Clear communication of statistical approaches can ensure healthcare research is well understood, reduce major errors and promote the advancement of science. Yet in contrast to the increasing complexity of data and analyses, published methods sections are at times insufficient for describing necessary details. Therefore, ensuring the quality, transparency and reproducibility of statistical approaches in healthcare research is essential.1 2

Such concerns are not just theoretical and have direct implications for research in the quality and safety field. For example, the Hospital Readmissions Reduction Program was instituted in 2012 by the US Centers for Medicare & Medicaid Services (CMS) and imposed financial penalties on hospitals with high readmission rates. Subsequent studies sought to determine the extent to which this programme was successful in reducing readmissions without promoting unintended consequences, such as increased mortality. Clearly defining the success or failure of this programme is essential, but in 2018 two prominent articles using the same CMS data set presented opposing results.3 4 These conflicts are undoubtedly due to differences in analytical choices, but specific differences are challenging to reconcile given statistical code was unavailable to readers. In another recent example, a major article was retracted due to the discovery of a statistical coding error that reversed the categorisation of treatment and control groups.5 This clinical trial examined a support programme for hospitalised patients with chronic obstructive pulmonary disease, originally reporting a lower risk of hospitalisation and emergency department visits, but in actuality demonstrating the support programme was associated with harm. Both cases demonstrate how better practices with statistical coding sharing at the time of publication may improve the quality of research.

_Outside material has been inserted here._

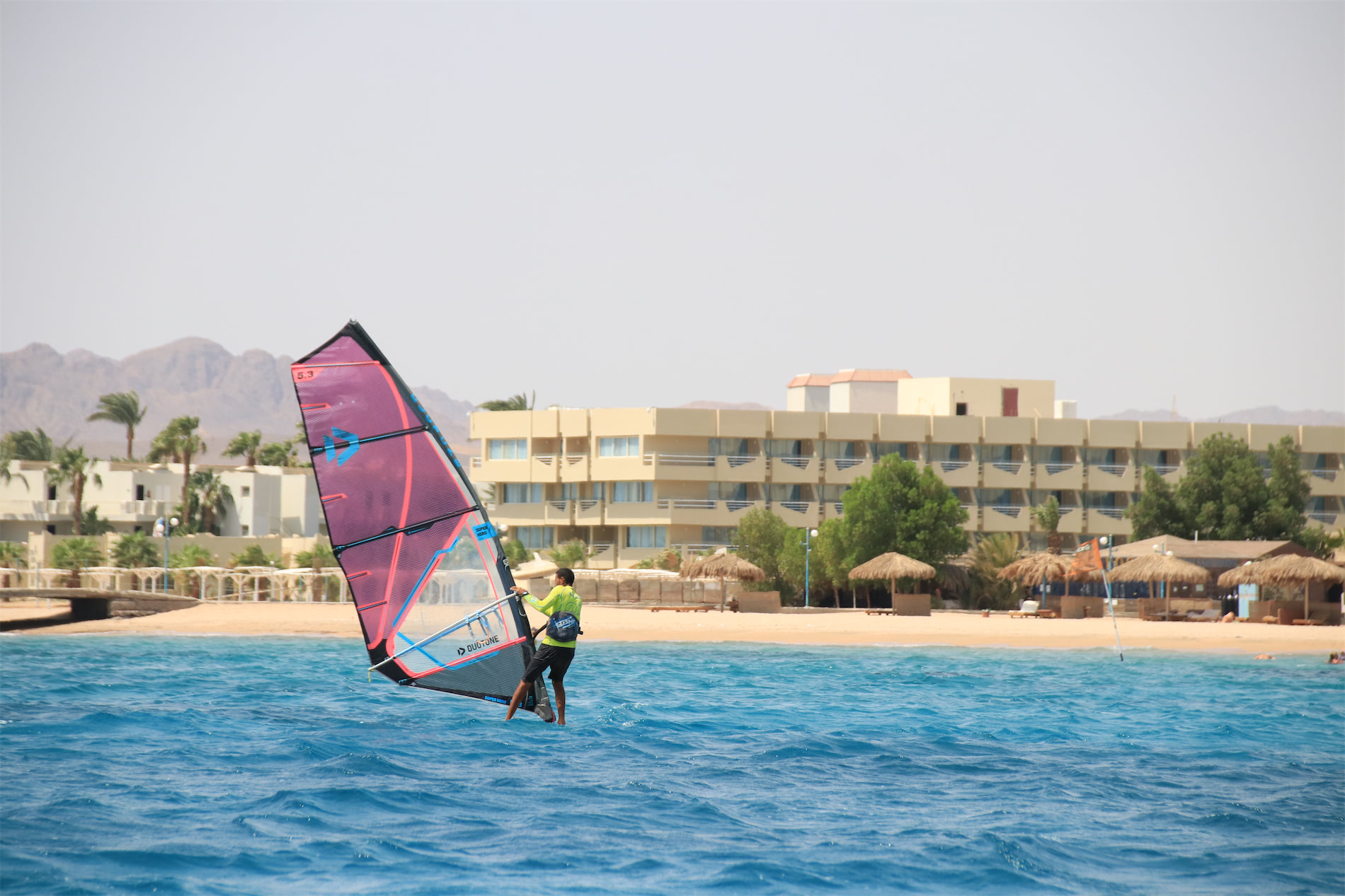 La baie de Safaga est protégée de la houle, le vent est régulier toute l'année. Plus de 300 jours de vents sont comptabilisés allant de 4 à 7 beauforts. Le club propose de la location de wingsurf et des stages de wingsurf et wingfoil. A vous les longs bords en freeride, le spot est à vous !!

While the utility of statistical code sharing may seem self-evident, it occurs more infrequently than one would expect.2 We believe a principal barrier to statistical code sharing is likely an unfamiliarity with the systematic approach necessary for its success. Using a strategy similar to the Plan-Do-Study-Act (PDSA) cycle commonly used in healthcare for continuous quality improvement,6 7 we describe our recent efforts to establish routine statistical code sharing practices within our research teams as well as key lessons that we have learnt.

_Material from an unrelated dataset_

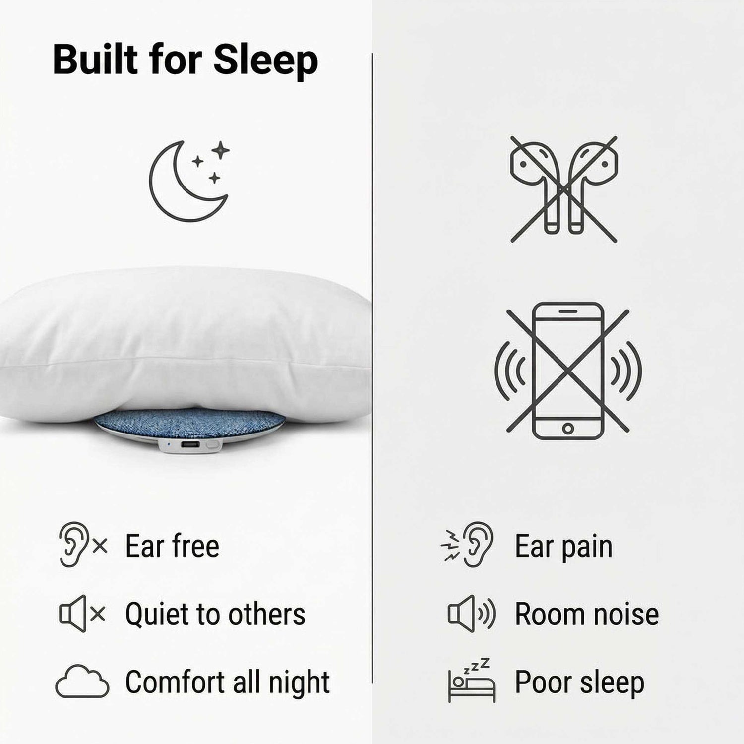 Place the speaker under your pillow. Sound stays clear to you and quiet to everyone else.

We focus on three integrated cycles of code sharing: (1) Code development, (2) Code review, and (3) Code release (figure 1). Code development refers to the iterative process of data preparation, code refinement and data analysis critical to any research process. Code review refers to a systematic approach to ensure that statistical code and its generated outputs are clear, valid and align with the study design. Code release refers to the practical tools we and others have used for publicly distributing statistical code. We believe that integration of these three steps within the analytical process is most likely to promote effective statistical code sharing and increase the rigour and quality of statistical code.

Code development

Code development consists of three key phases: data preparation, code refinement and data analysis (figure 1A). While managing data, the analyst must make important decisions regarding cohort selection, linkage to other data sets, aggregation of data and the creation of variables. Throughout this process, the analyst iteratively conducts their own PDSA cycles, at times independently and with guidance from others on the research team. Similarly, the process of analysing data typically requires refinements to ensure data are appropriately structured and analyses are accurately specified. Important decisions regarding both data preparation and analysis must be made throughout code development. Through the process of systematic code sharing, we learnt that simply knowing that code review would occur developed an environment in which the analyst recognised the need to clearly annotate these decisions in the statistical code to ensure understanding for others who may access the statistical code.

Figure 1

An overview of statistical code sharing.

Code review

Code review is a strategy that we have used to ensure developed statistical code is readily shareable. Code review has three core goals. First, it ensures statistical code can be easily followed by others. Second, it assesses for coding errors at a high level. Third, it assures that the code clearly articulates the study design to enhance reproducibility by others.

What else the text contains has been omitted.